The situation around Iran is
central to the US's Middle East policies and the present
government in Delhi may lack the grit to
indulge in an act of strategic defiance of Washington. The
Indian elites are not inclined to allow any serious
contradiction to arise in the US-India strategic partnership in
relation to the region - although they view with extreme
distaste Washington's overtures to Beijing to step in as a
provider of security for Afghanistan and as a "stakeholder" in
the regional stability of South Asia.
All that can be said for certain
for the present is that the Indian military and security
establishment may have scored a huge propaganda point over its
rivals in Rawalpindi and Islamabad by succeeding after six years
of persistent effort to gain the status of a mentor of the
Afghan armed forces.
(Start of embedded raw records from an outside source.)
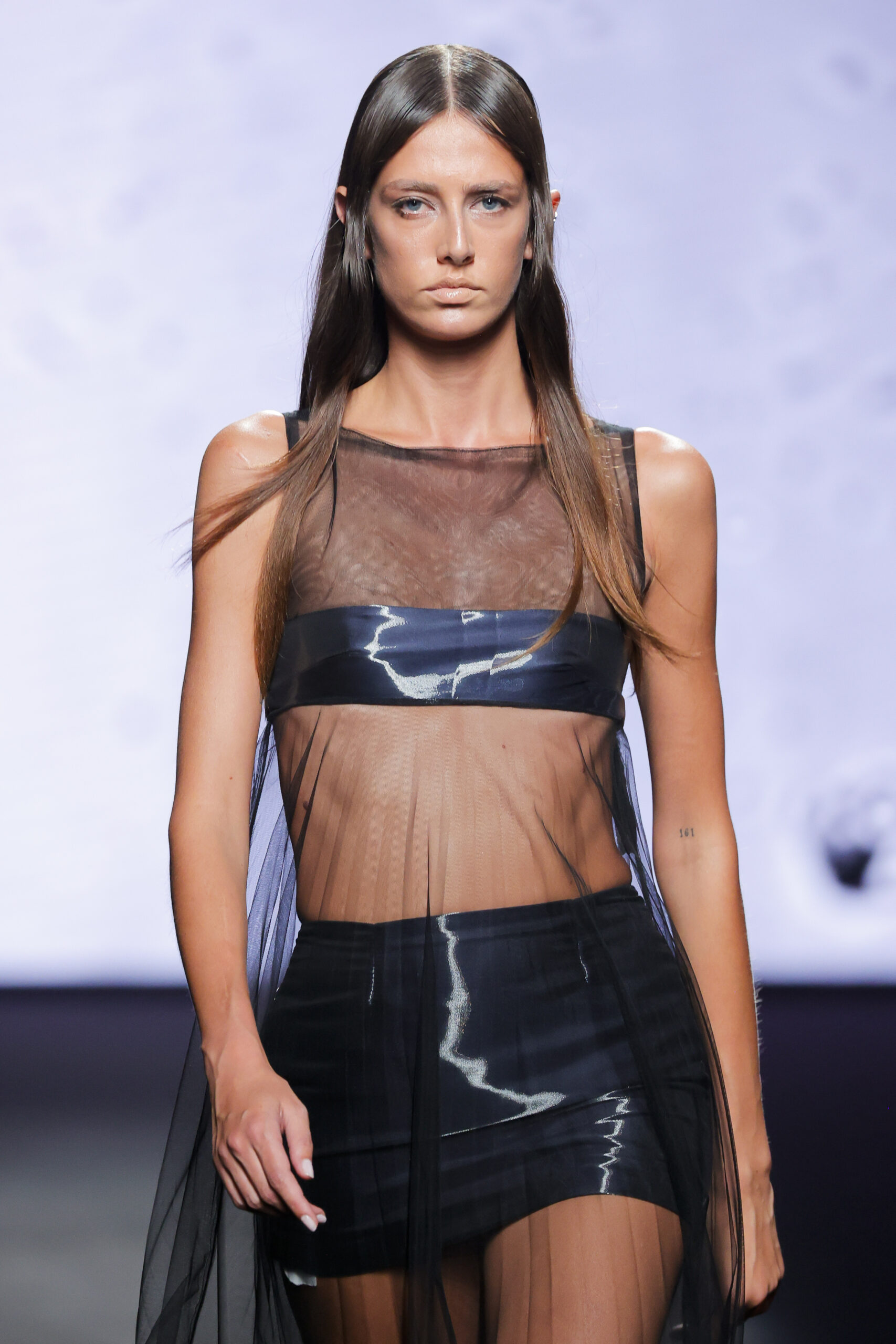 Conjunto de mini top y mini falda en tejido tecnológico efecto plastificado y túnica de tul plisado soleil.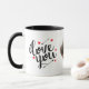 Esta caneca festiva de café apresenta uma design de tipografia moderna "Eu te amo".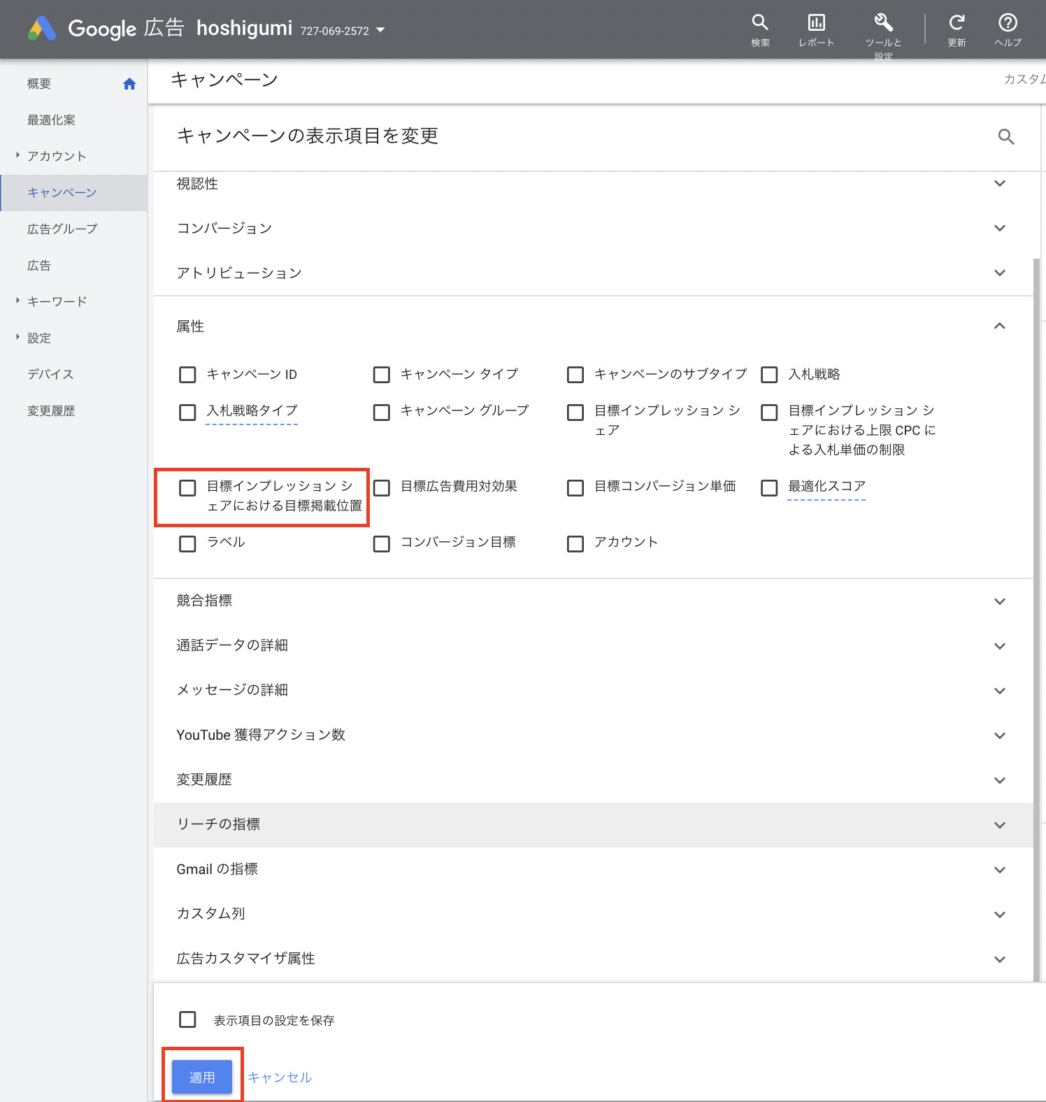 「目標インプレッションシェアにおける目標掲載位置」を選択し「適応」をクリックすることでレポートに表示されます。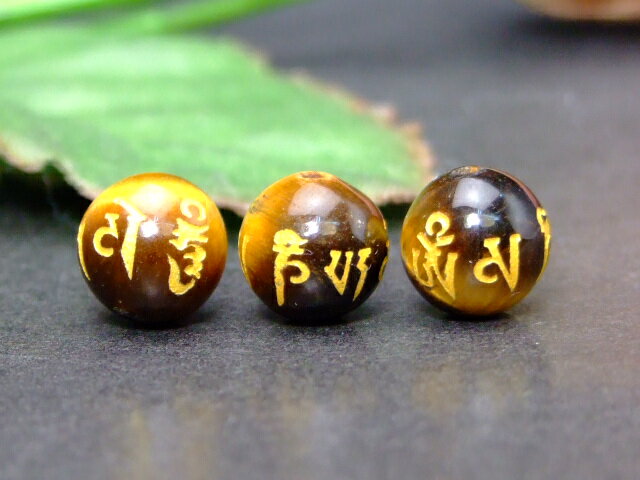※画像と同品質のものをお送りします。 オリジナルアクセサリー作りに是非どうぞ〜〜(m−m) 素材 天然:タイガーアイ サイズ 約:重さg 玉径8mm・±0.5mm 1粒売り ※ 多少の誤差はご了承下さい。観音を字音化した六文字の真言(マントラ)☆ 六字真言は、チベットで「マニ」と通称され、 「オン・マ・ニ・ペ・メ・フン」 (Om・Ma・ni・ Ped・me・Hum)、 「オン」=「オーム」は「空」にあってマンダラを示すとされています。 その意味は「光明・摩尼宝珠・蓮華・金剛杵」を表しています。 チベット文化圏には、 道々の路肩に六字真言を書き込んだマニ石、 マニ車をおおく見かけることができます。 これは、観音を字音化した6文字の真言で、 チベットの人々はマニ車を回しながら一日唱えつづける マントラがそれである。 観音菩薩は慈悲の化身であるとされ、この真言を唱えることによって 、 積み重ねた悪業から逃れ、徳を積み、苦しみの淵から救いだし、 悟りを開く助けになるとされて います。 その六字真言を、生命の石として愛されている手彫り彫刻いたしました。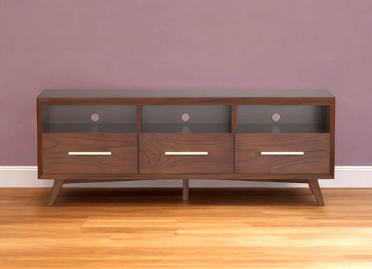 64" Brown Mahogany Solid Wood Open Shelving TV Stand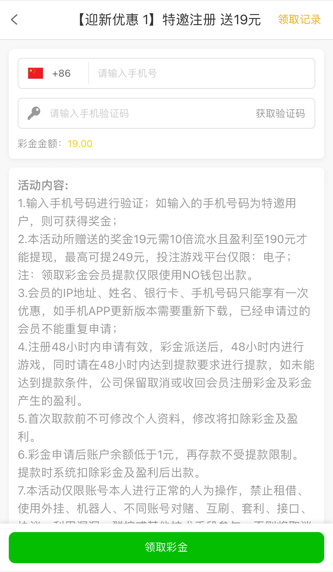 半个月前发过一次之前不是特邀的兄弟现在可以去试试看,彩金10倍流水190提现最高249,只能用NO钱包提现,只能投注电子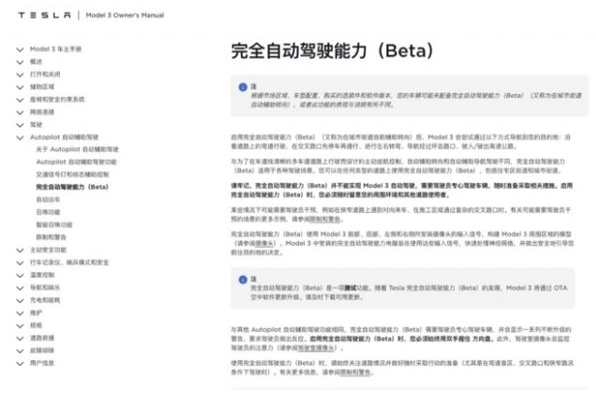 而就在這兩天,在特斯拉中國官網(wǎng)的車主手冊里,也出現(xiàn)了完全自動駕駛能力(Beta)的功能的功能介紹。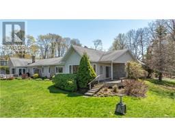Stunning 2 Bedroom Semi-Detached Condo with river view . Prime Location which adds to the blend of comfort and elegance in the 1712 sq.ft. of living space and well maintained grounds . Impressive layout with spacious Dining room , great Living room with fireplace and doorway to private patio with overhanging roof and nice view of river and lawn . Updated Kitchen with appliances to stay . Nice cozy Den and 2 generous Bedrooms , Master has a walk-in closet and ensuite . Utility room with pull down staircase to attic area . Two car garage with remote control opener . Monthly condo fee covers : snow removal ,lawn care and exterior building maintenance {excluding decks/patios , and personal gardens. (id:19018)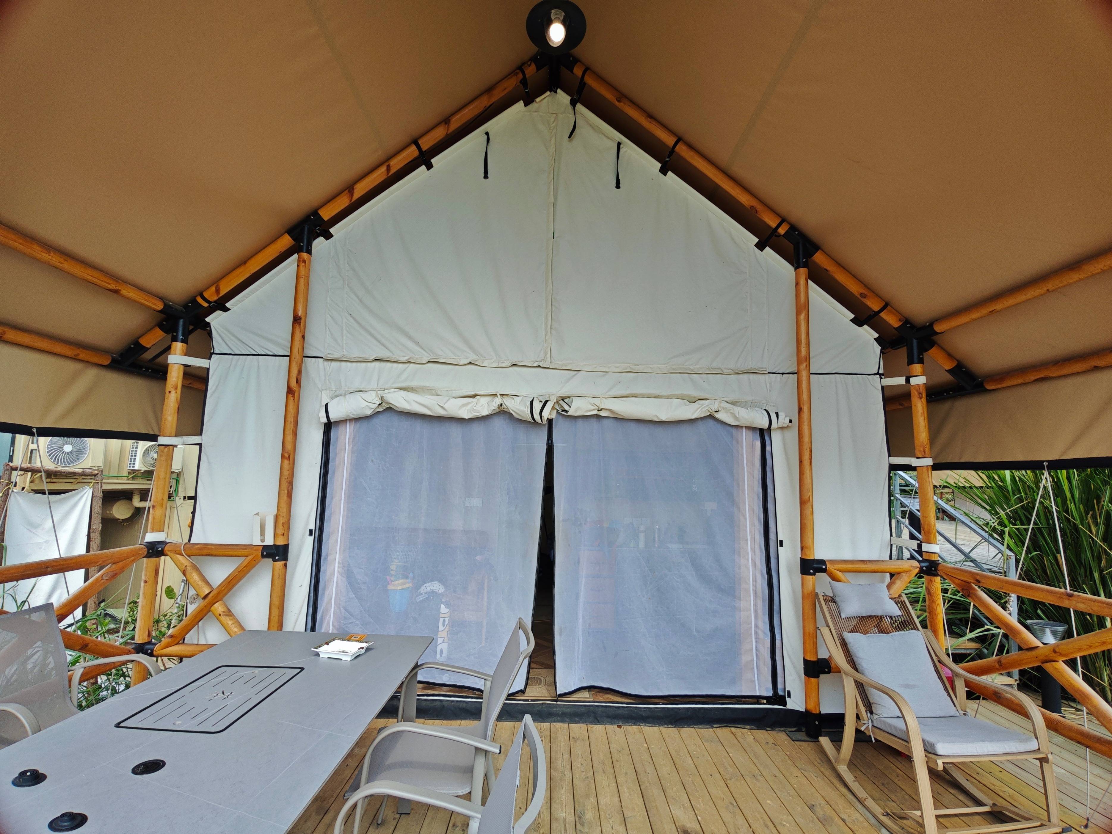 这回我们住的是野奢帐篷阁楼房,外观是个大帐篷哦,这真的太酷了。帐篷竟然还有阁楼,适合一家子住。当然这个帐篷跟我们传统看到的露营帐篷可不一样,非常牢固,野奢氛围感拉满了。
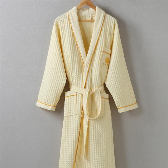 Weicher, gelber, hautfreundlicher Waffel-Bademantel aus reiner Baumwolle mit individuellem Logo für Hotel und Zuhause |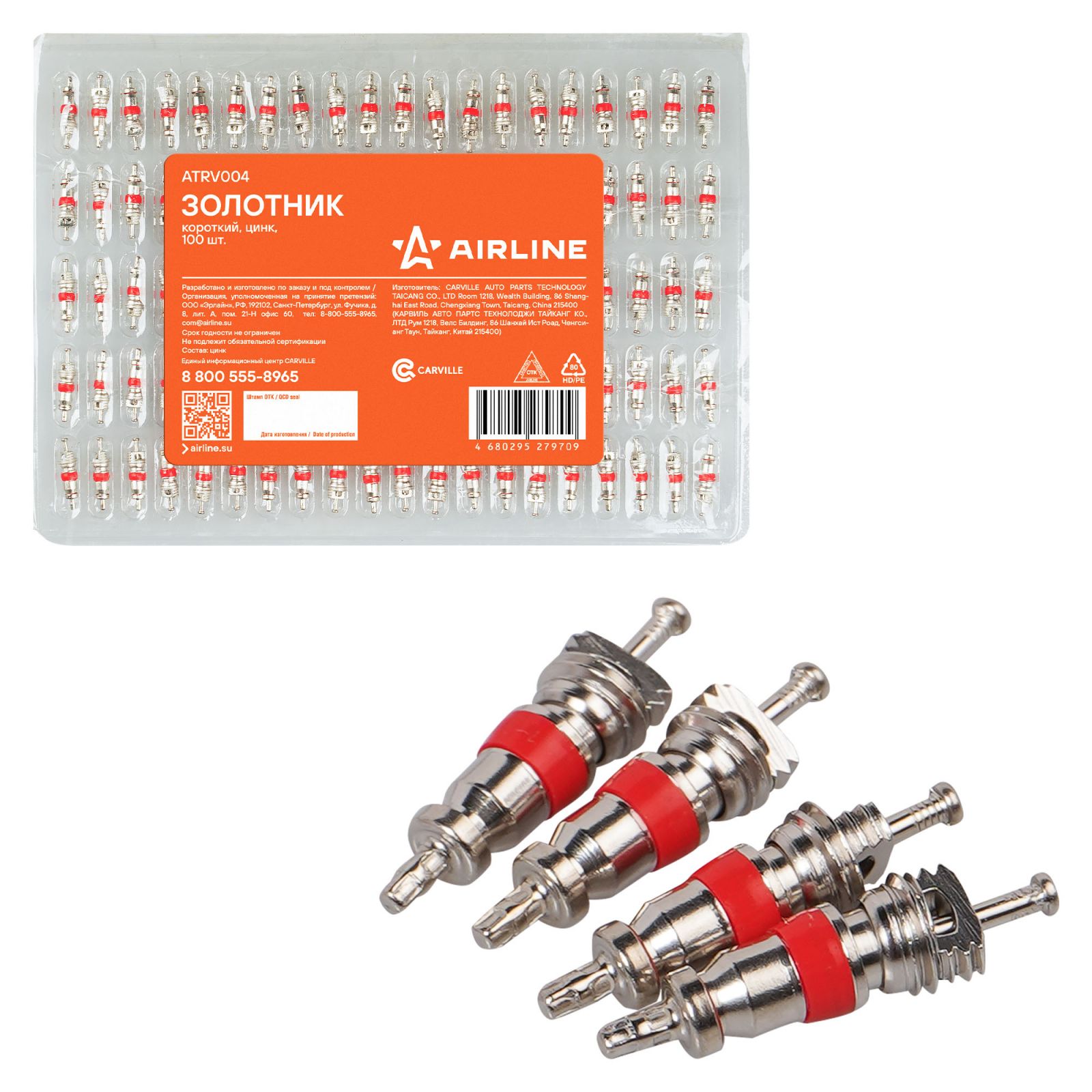 Золотник (ниппель) короткий, цинк, 100 шт. в блистере (ATRV004)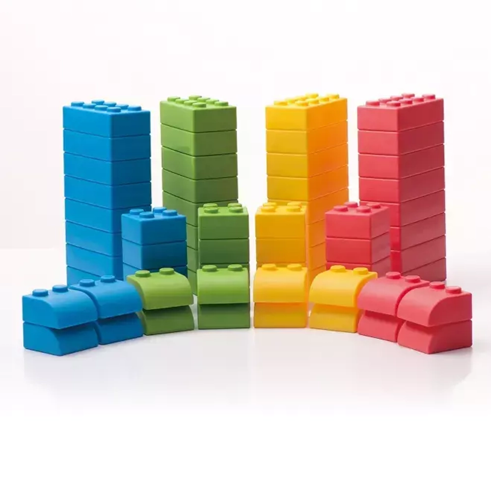 Строительные кирпичики устроены так, что их легко держать в руках дяже для самых маленьких детей.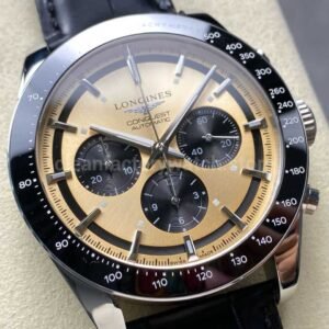 AF Factory Longines Conquest Chronograph L3.835.4.02.6 42mm Steel Leather Strap Black Eyes Champagne Dial
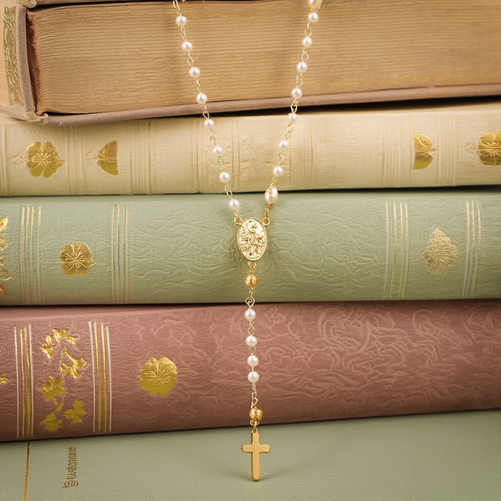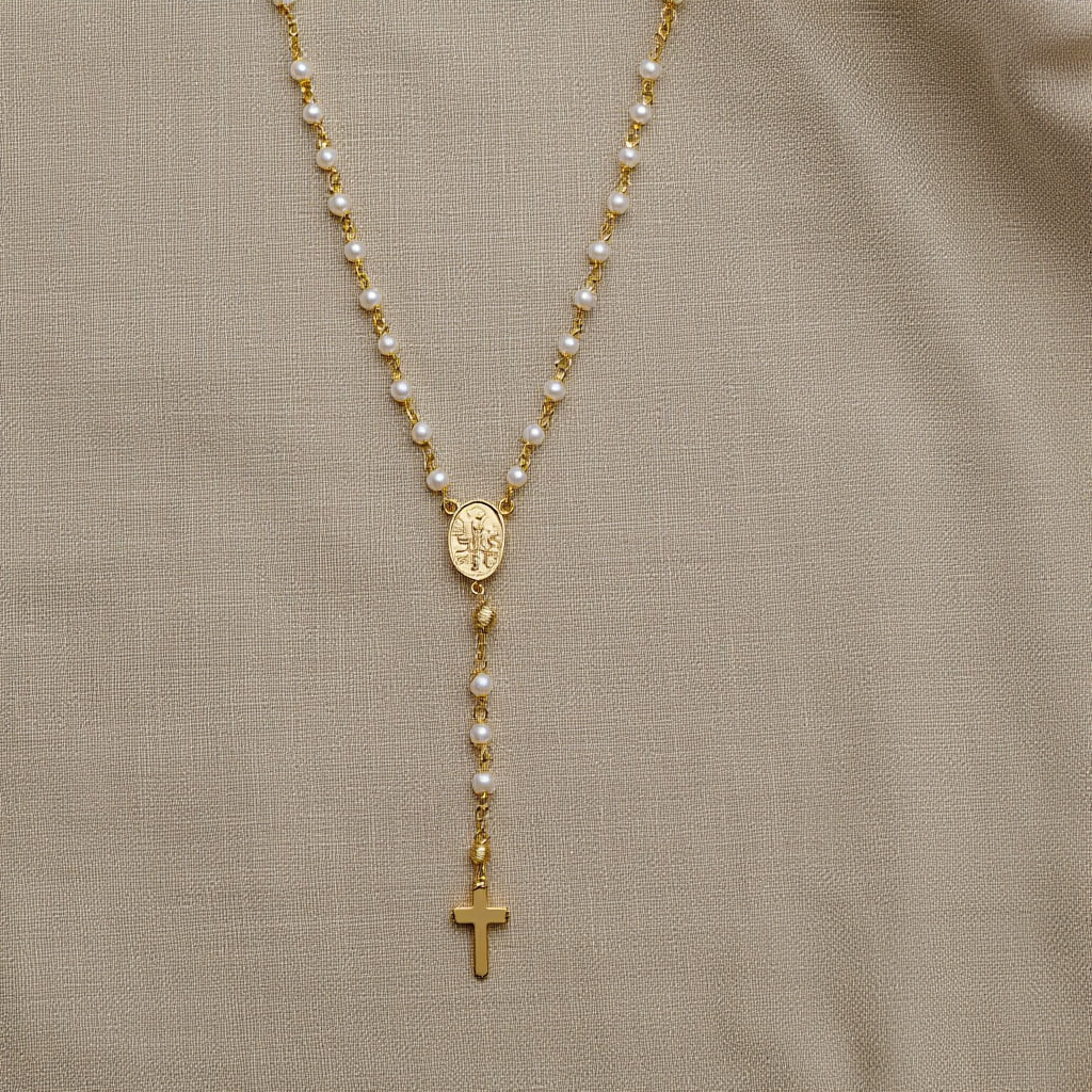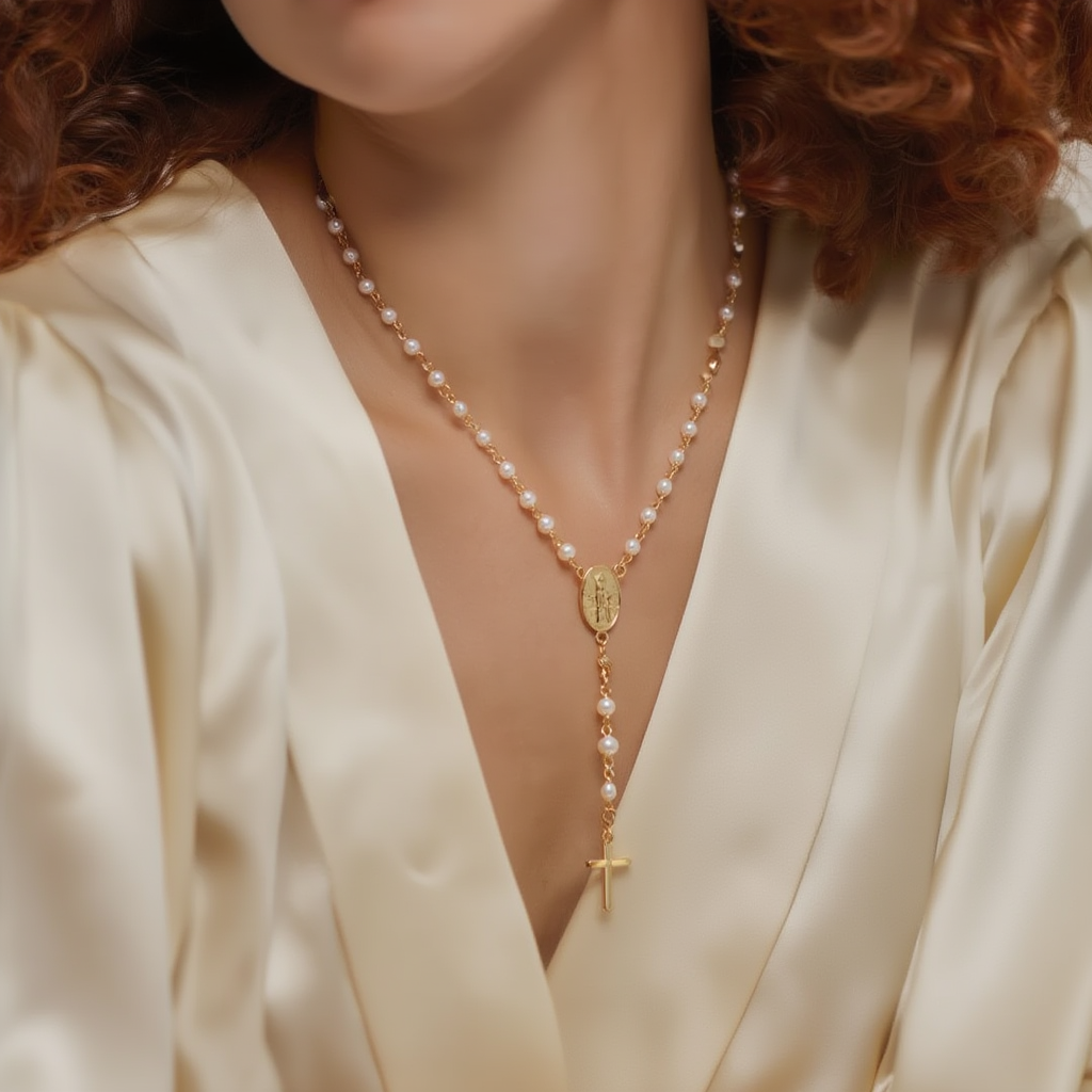 O design delicado deste terço de pescoço permite que seja usado tanto como um acessório de moda minimalista no dia a dia, quanto como uma peça central em ocasiões solenes. A suavidade das pérolas em contacto com a pele proporciona uma sensação de conforto e paz, tornando-o no presente ideal para batizados, comunhões ou aniversários. Se procura uma joia em prata de alta qualidade que combine o simbolismo cristão com a estética de luxo, este fio terço é a escolha perfeita para acompanhar a sua jornada espiritual com distinção e beleza intemporal.

There is a heady feeling among the
strategic community that India has at long last become a player
in the "great game".
Will Indian military advisors be
stationed in Afghanistan? If that happens, the Indian political
leadership cannot overlook the grim prospect of the nascent
dialogue process with Pakistan disintegrating in no time. It is
highly unlikely that Islamabad (or Washington) would countenance
an Indian military presence in the Hindu Kush.
At the end of it all, Delhi
would do well to remember as well that all its support to the
regime of Mohammad Najibullah - political, military, security
and economic - still did not prevent the regime from collapsing
in 1992 when the mujahideen came knocking on the doors of Kabul.